Stored dataset items
#####

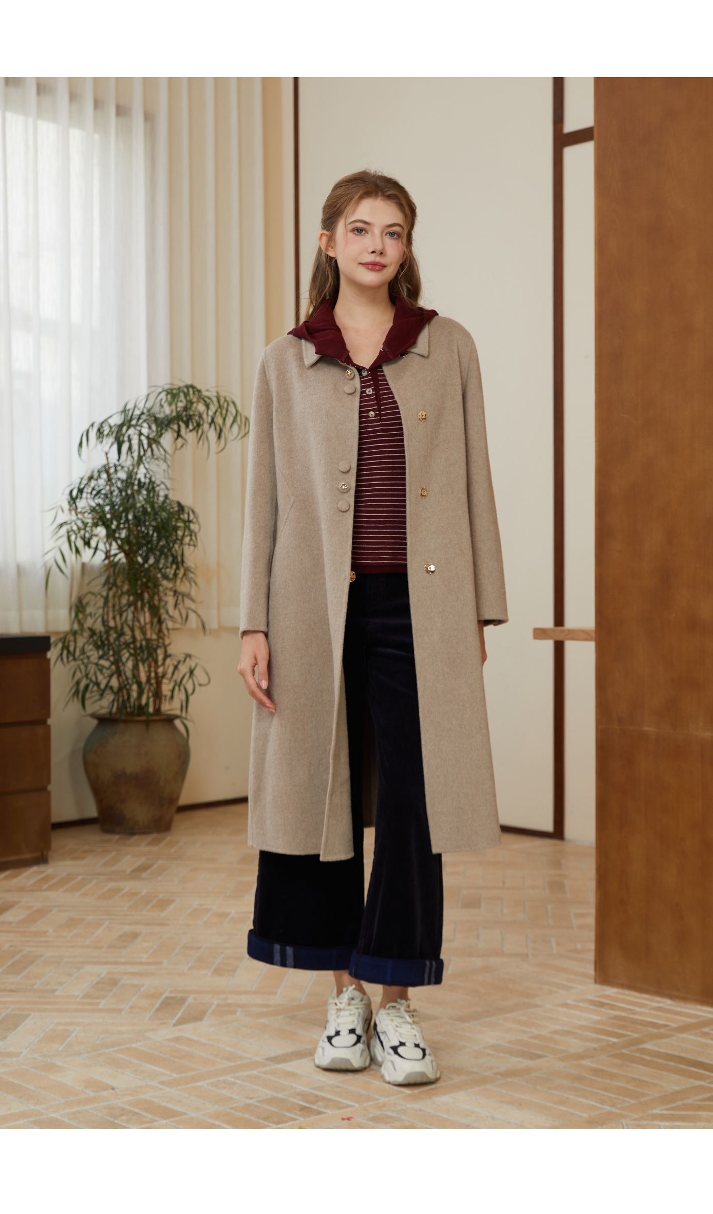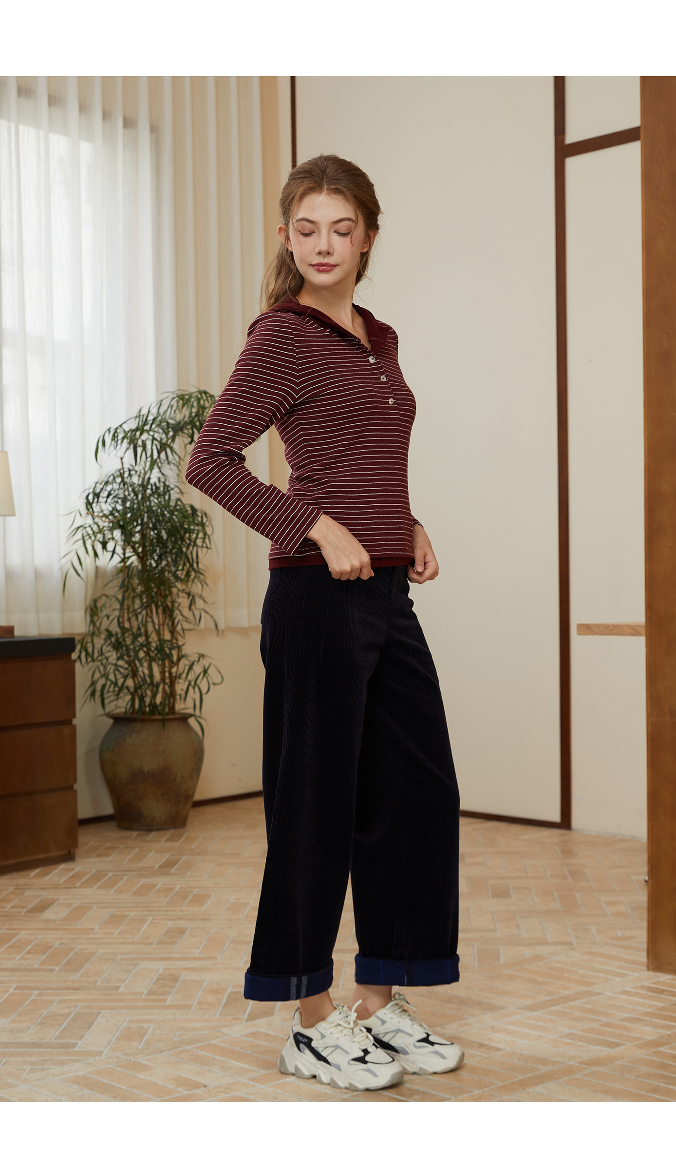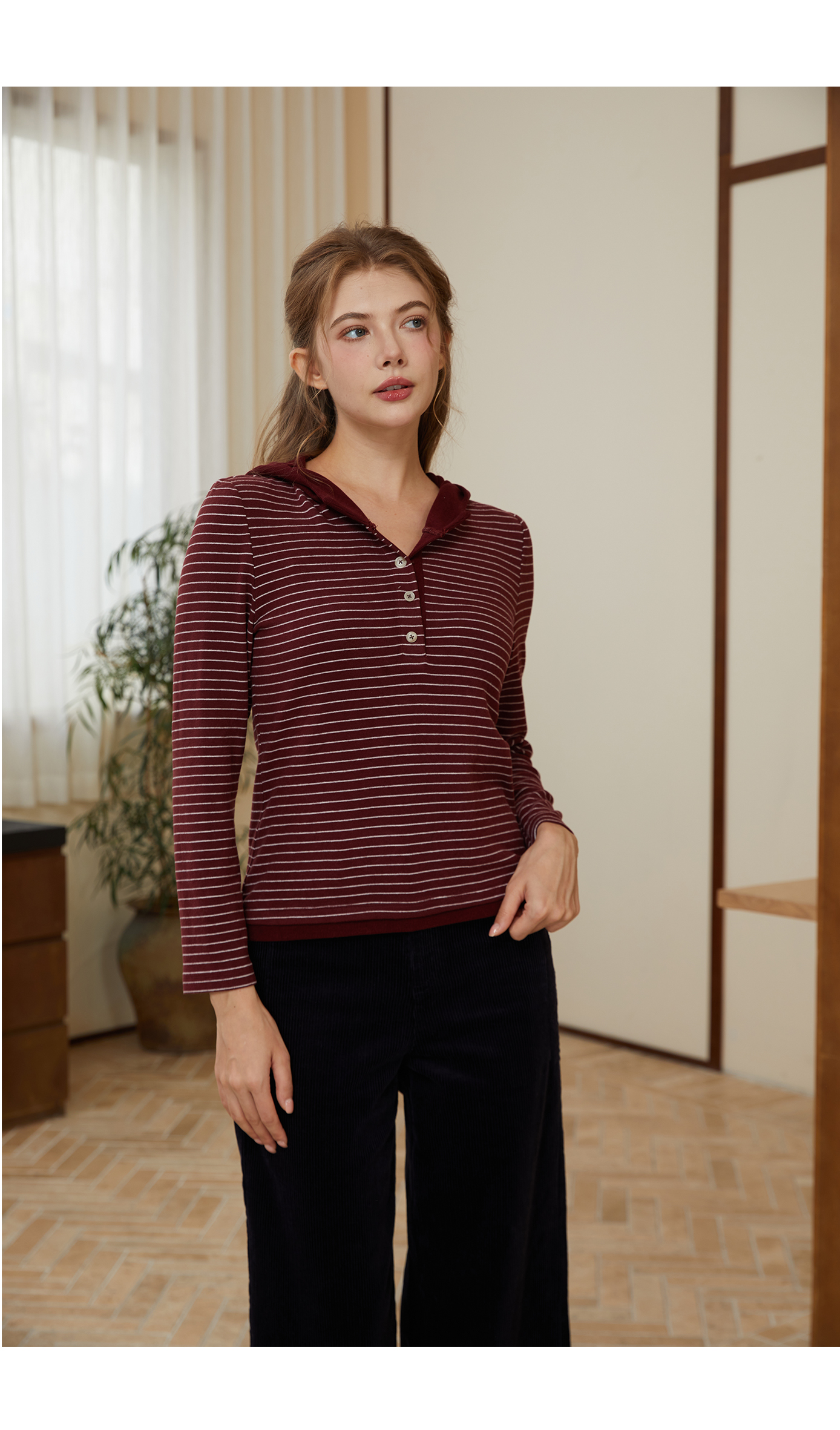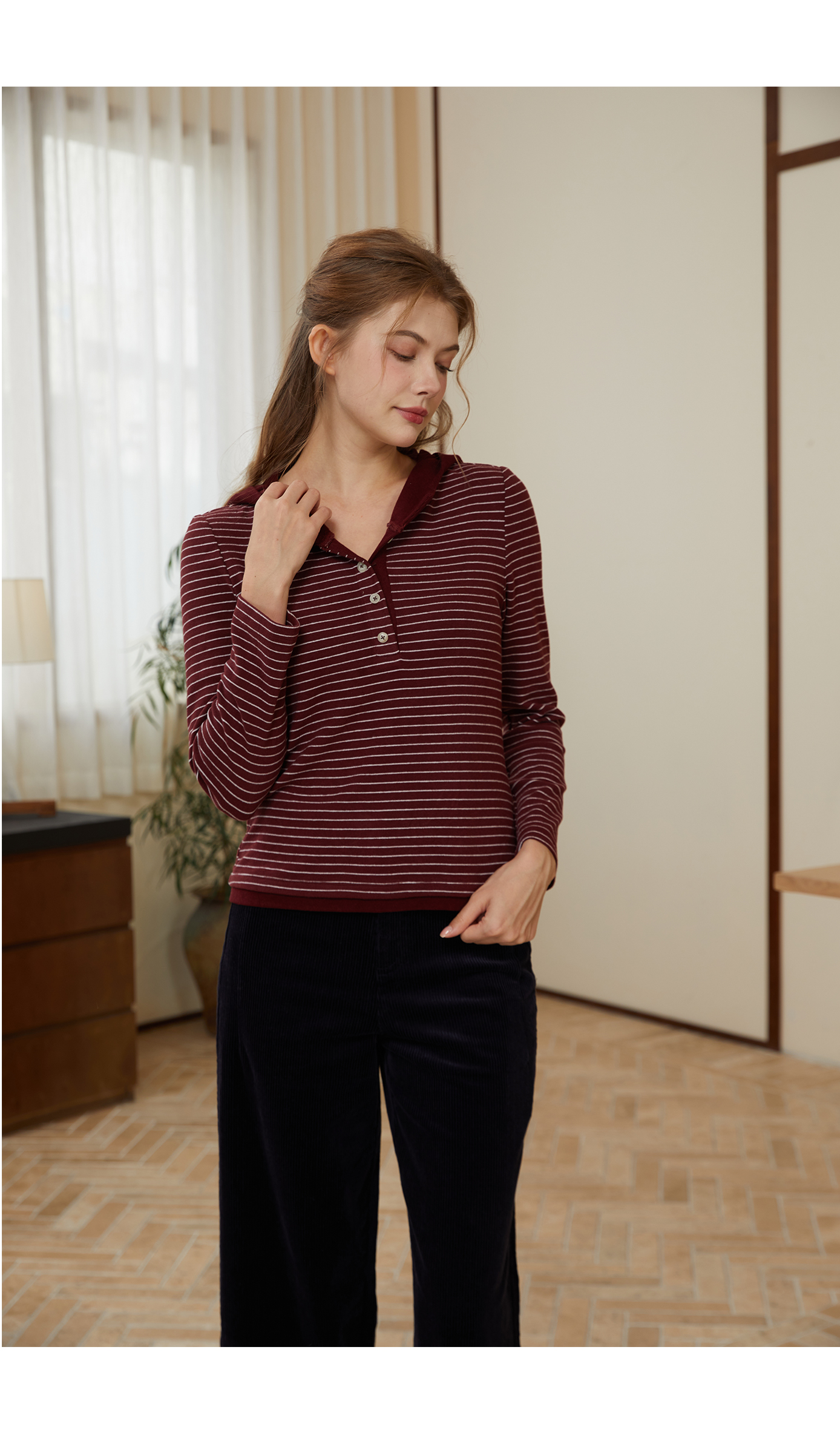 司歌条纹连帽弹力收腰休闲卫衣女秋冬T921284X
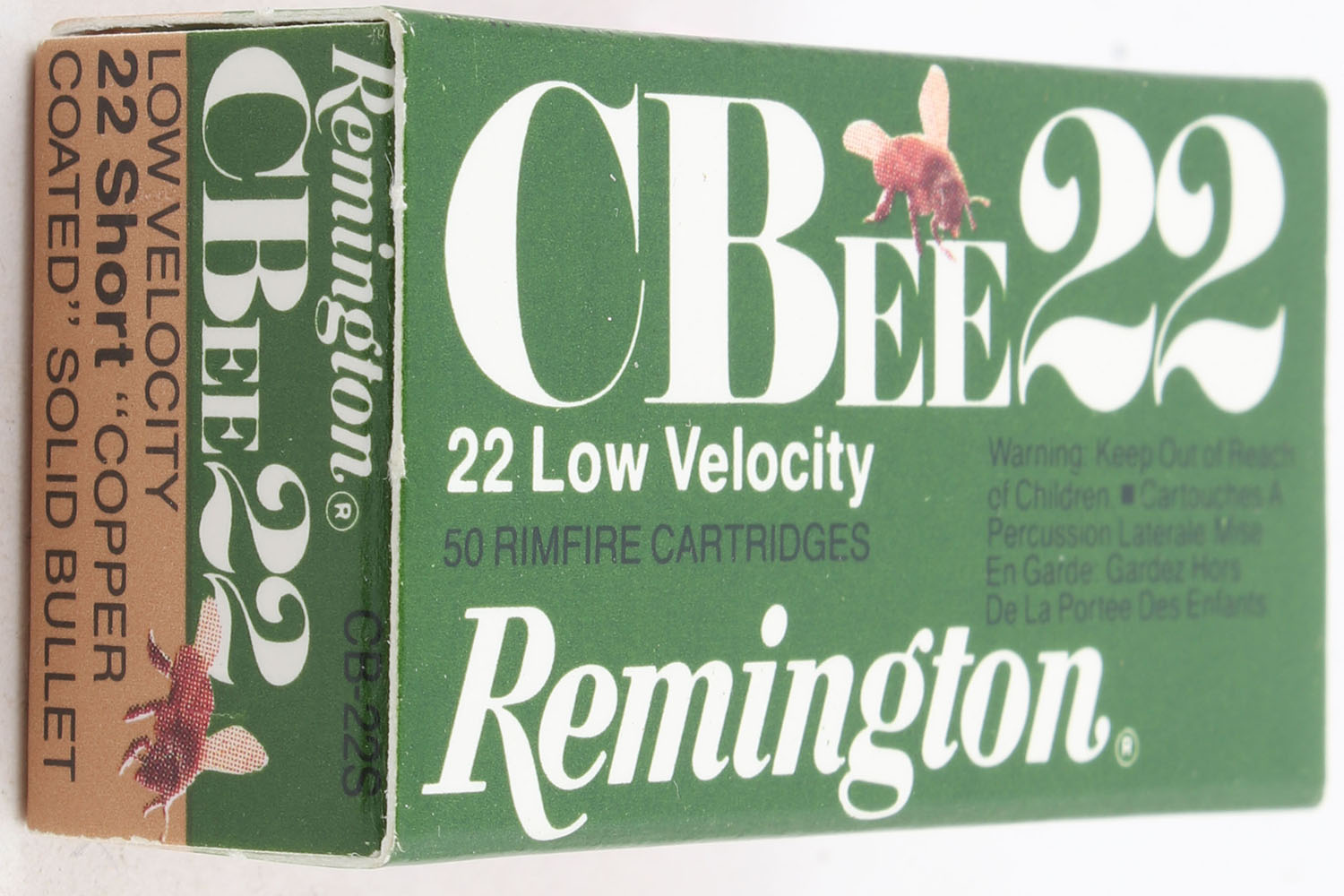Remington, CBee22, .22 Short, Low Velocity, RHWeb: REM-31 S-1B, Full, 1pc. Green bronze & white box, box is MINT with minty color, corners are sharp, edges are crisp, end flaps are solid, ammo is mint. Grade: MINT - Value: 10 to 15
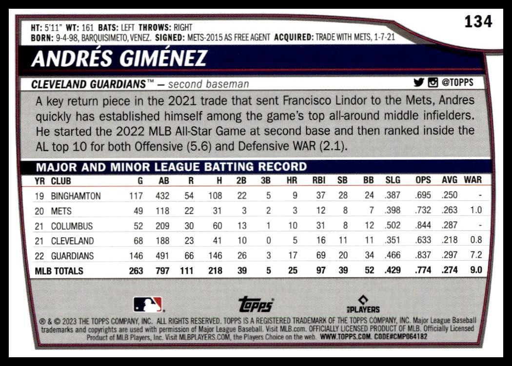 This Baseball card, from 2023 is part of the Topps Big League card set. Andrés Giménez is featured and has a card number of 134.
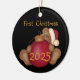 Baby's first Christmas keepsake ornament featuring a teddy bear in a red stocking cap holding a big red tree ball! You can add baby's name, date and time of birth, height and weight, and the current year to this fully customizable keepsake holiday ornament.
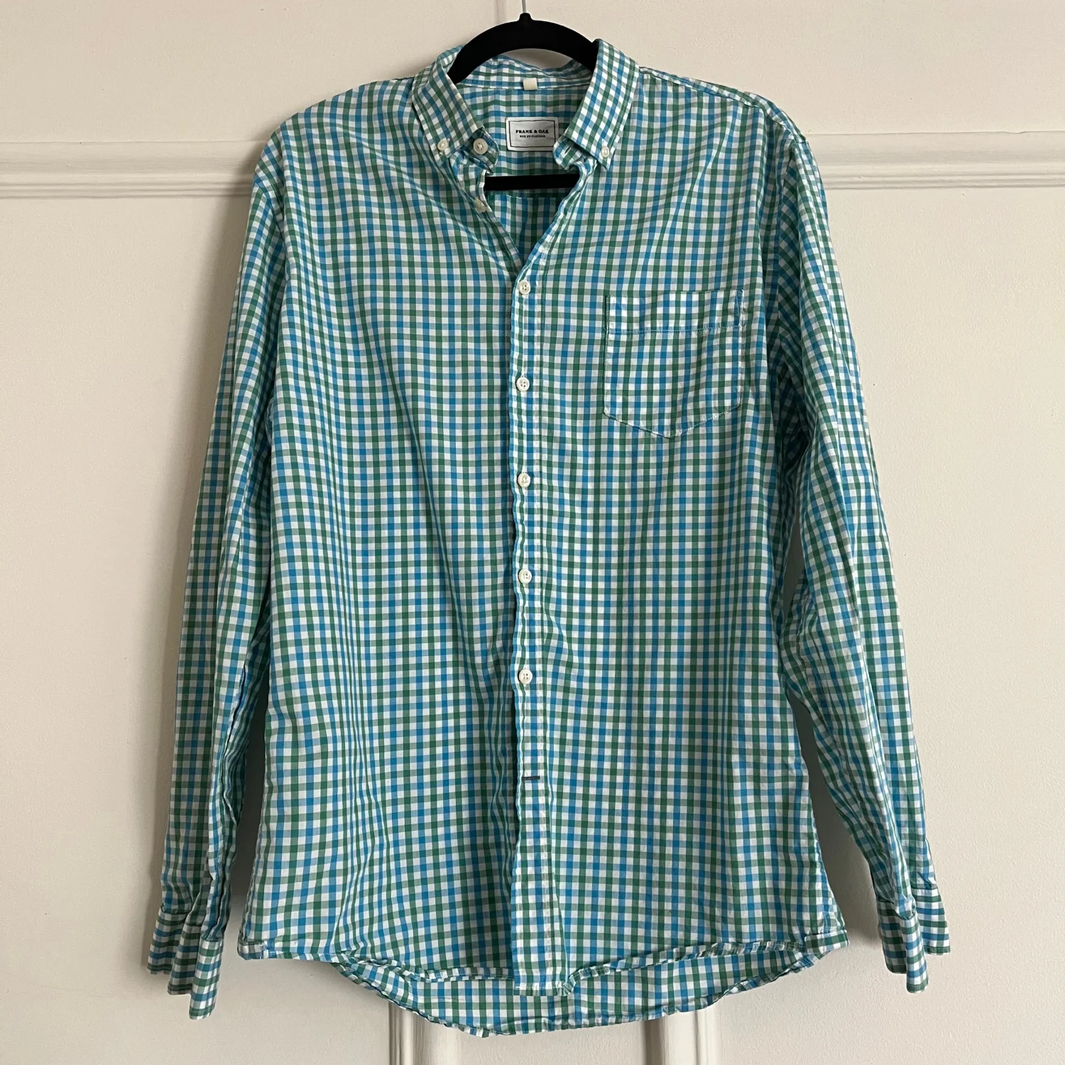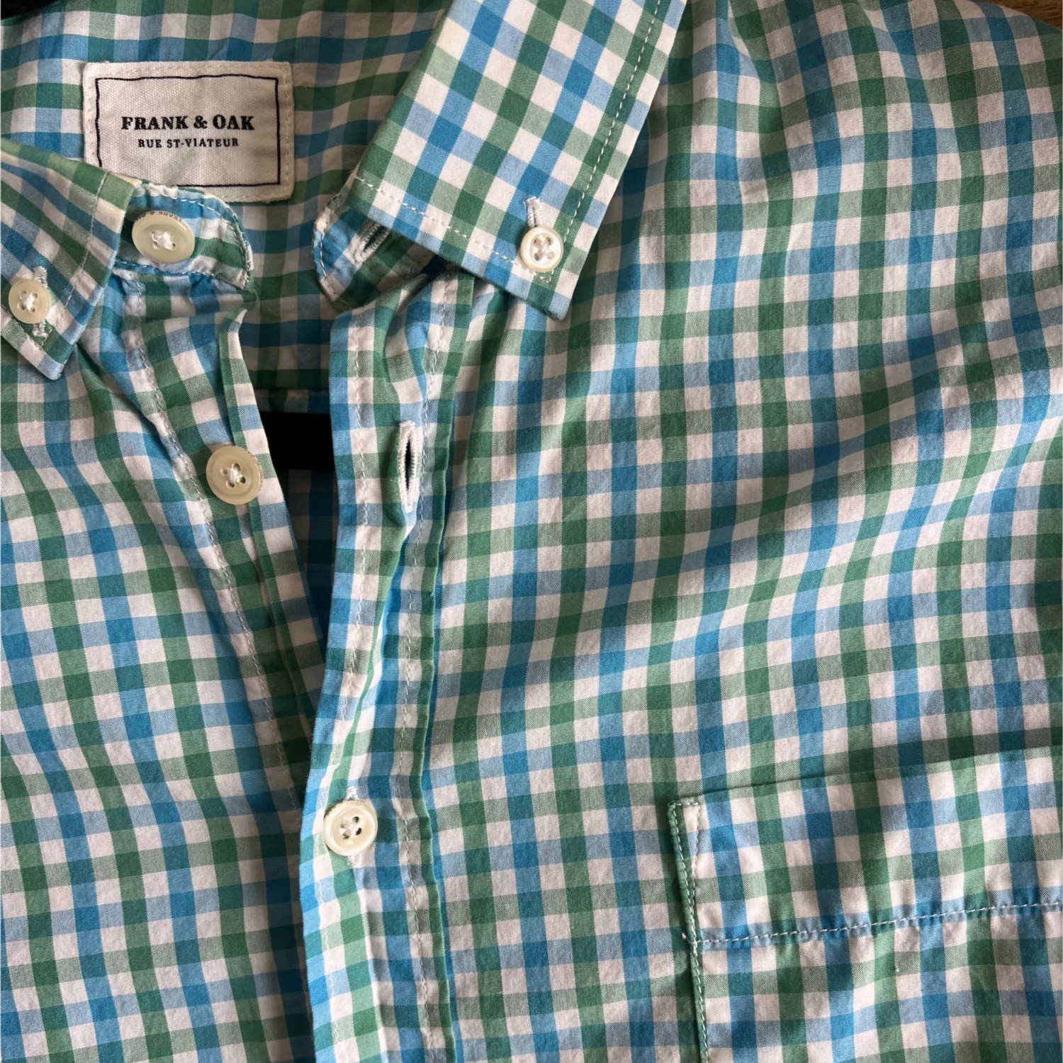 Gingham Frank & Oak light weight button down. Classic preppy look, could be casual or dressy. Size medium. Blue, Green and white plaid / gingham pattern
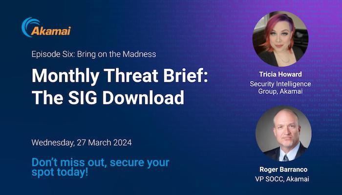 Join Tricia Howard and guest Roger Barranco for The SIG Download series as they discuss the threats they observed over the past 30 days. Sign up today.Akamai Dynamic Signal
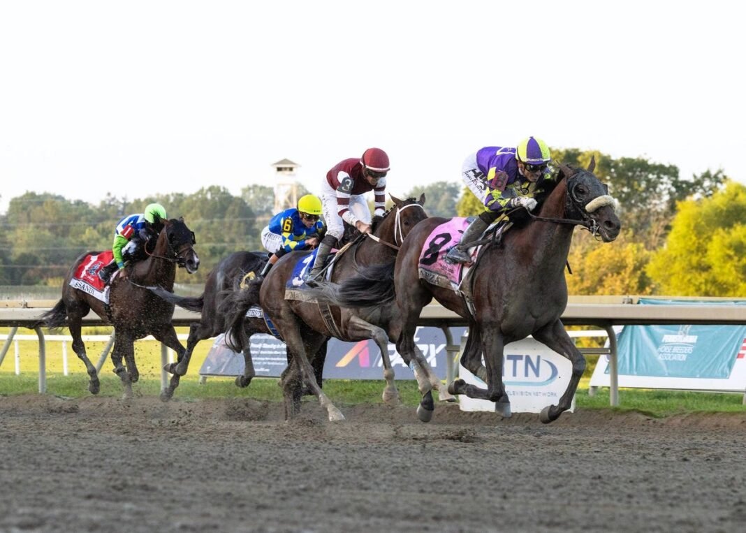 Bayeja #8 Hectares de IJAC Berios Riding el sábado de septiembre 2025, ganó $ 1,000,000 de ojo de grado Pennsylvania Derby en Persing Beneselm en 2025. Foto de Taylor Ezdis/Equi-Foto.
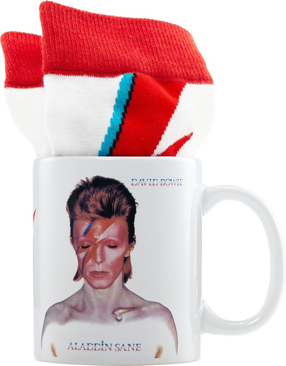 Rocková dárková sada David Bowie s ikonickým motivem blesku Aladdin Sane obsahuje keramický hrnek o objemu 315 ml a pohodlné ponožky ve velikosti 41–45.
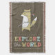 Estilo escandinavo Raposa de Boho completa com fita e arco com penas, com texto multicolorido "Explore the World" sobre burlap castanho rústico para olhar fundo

#####

=== REQUIREMENT ===
Every line of the records above must reappear exactly, though the pictures must not.

=== RESULT ===
 司歌条纹连帽弹力收腰休闲卫衣女秋冬T921284X
Remington, CBee22, .22 Short, Low Velocity, RHWeb: REM-31 S-1B, Full, 1pc. Green bronze & white box, box is MINT with minty color, corners are sharp, edges are crisp, end flaps are solid, ammo is mint. Grade: MINT - Value: 10 to 15
 This Baseball card, from 2023 is part of the Topps Big League card set. Andrés Giménez is featured and has a card number of 134.
 Baby's first Christmas keepsake ornament featuring a teddy bear in a red stocking cap holding a big red tree ball! You can add baby's name, date and time of birth, height and weight, and the current year to this fully customizable keepsake holiday ornament.
 Gingham Frank & Oak light weight button down. Classic preppy look, could be casual or dressy. Size medium. Blue, Green and white plaid / gingham pattern
 Join Tricia Howard and guest Roger Barranco for The SIG Download series as they discuss the threats they observed over the past 30 days. Sign up today.Akamai Dynamic Signal
 Bayeja #8 Hectares de IJAC Berios Riding el sábado de septiembre 2025, ganó $ 1,000,000 de ojo de grado Pennsylvania Derby en Persing Beneselm en 2025. Foto de Taylor Ezdis/Equi-Foto.
 Rocková dárková sada David Bowie s ikonickým motivem blesku Aladdin Sane obsahuje keramický hrnek o objemu 315 ml a pohodlné ponožky ve velikosti 41–45.
 Estilo escandinavo Raposa de Boho completa com fita e arco com penas, com texto multicolorido "Explore the World" sobre burlap castanho rústico para olhar fundo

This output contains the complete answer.